━━━ RECORD EXTRACTS

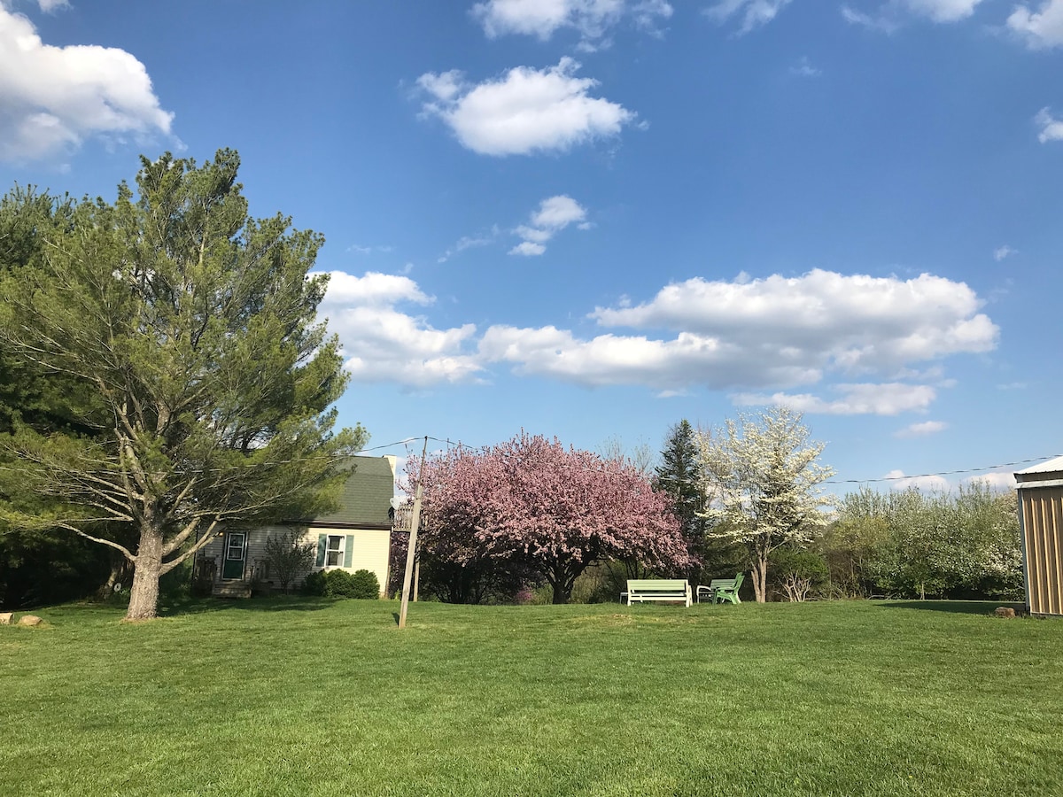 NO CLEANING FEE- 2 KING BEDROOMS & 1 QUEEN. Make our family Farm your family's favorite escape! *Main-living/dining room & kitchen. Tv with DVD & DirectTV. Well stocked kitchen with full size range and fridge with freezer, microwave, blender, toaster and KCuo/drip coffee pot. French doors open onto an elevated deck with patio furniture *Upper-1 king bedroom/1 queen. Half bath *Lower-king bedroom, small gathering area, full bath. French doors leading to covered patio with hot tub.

━━━━━━
━━━ RECORD EXTRACTS

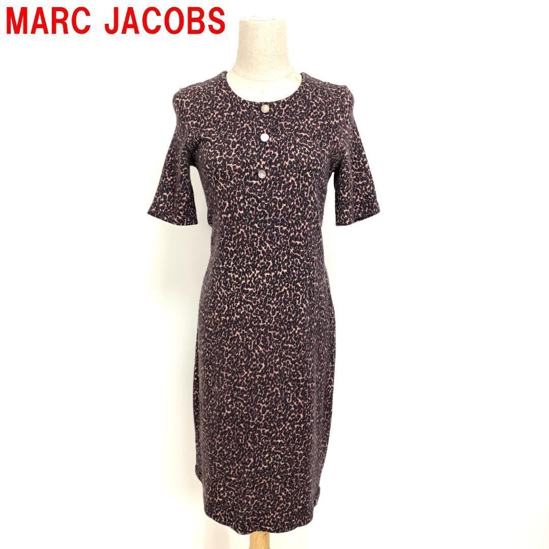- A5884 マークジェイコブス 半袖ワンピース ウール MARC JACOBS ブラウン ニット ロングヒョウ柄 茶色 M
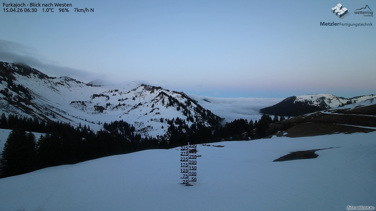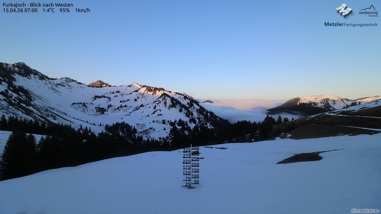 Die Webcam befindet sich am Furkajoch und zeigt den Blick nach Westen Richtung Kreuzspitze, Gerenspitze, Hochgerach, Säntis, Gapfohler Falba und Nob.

━━━━━━
━━━ RECORD EXTRACTS

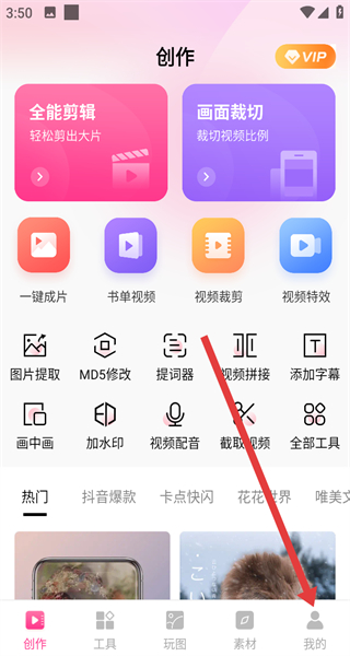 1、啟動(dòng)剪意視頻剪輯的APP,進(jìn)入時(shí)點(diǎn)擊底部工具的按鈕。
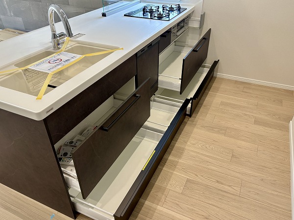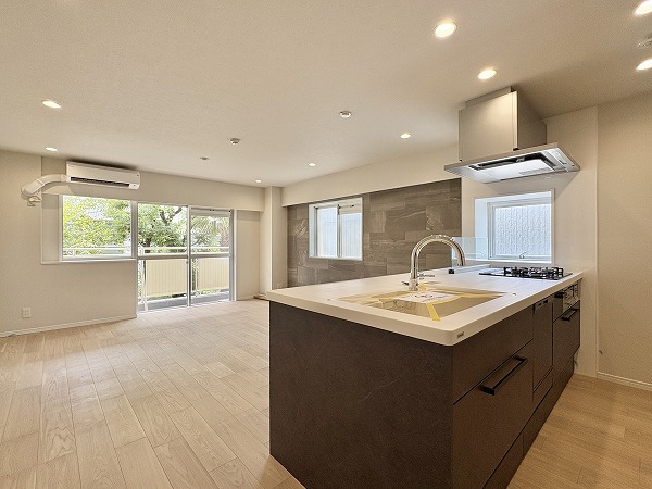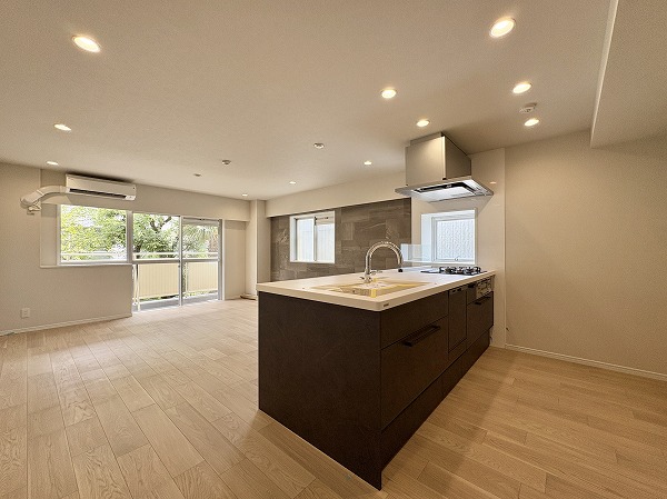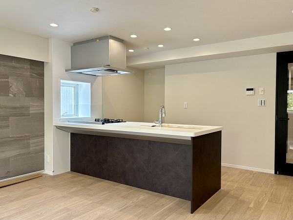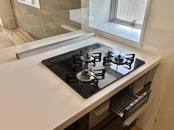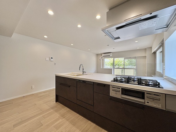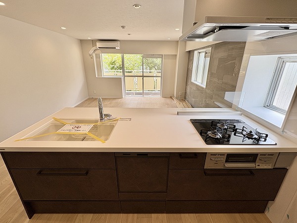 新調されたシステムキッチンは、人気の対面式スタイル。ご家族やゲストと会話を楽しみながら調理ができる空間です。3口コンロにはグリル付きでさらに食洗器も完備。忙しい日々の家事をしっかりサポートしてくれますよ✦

━━━━━━

## PROBLEM STATEMENT
Return only the part above that opens with the line containing "- A5884 マークジェイコブス" and closes with the line containing "Die Webcam befindet", exactly and with both ends, skipping the pictures.

## RESULT BELOW
- A5884 マークジェイコブス 半袖ワンピース ウール MARC JACOBS ブラウン ニット ロングヒョウ柄 茶色 M
 Die Webcam befindet sich am Furkajoch und zeigt den Blick nach Westen Richtung Kreuzspitze, Gerenspitze, Hochgerach, Säntis, Gapfohler Falba und Nob.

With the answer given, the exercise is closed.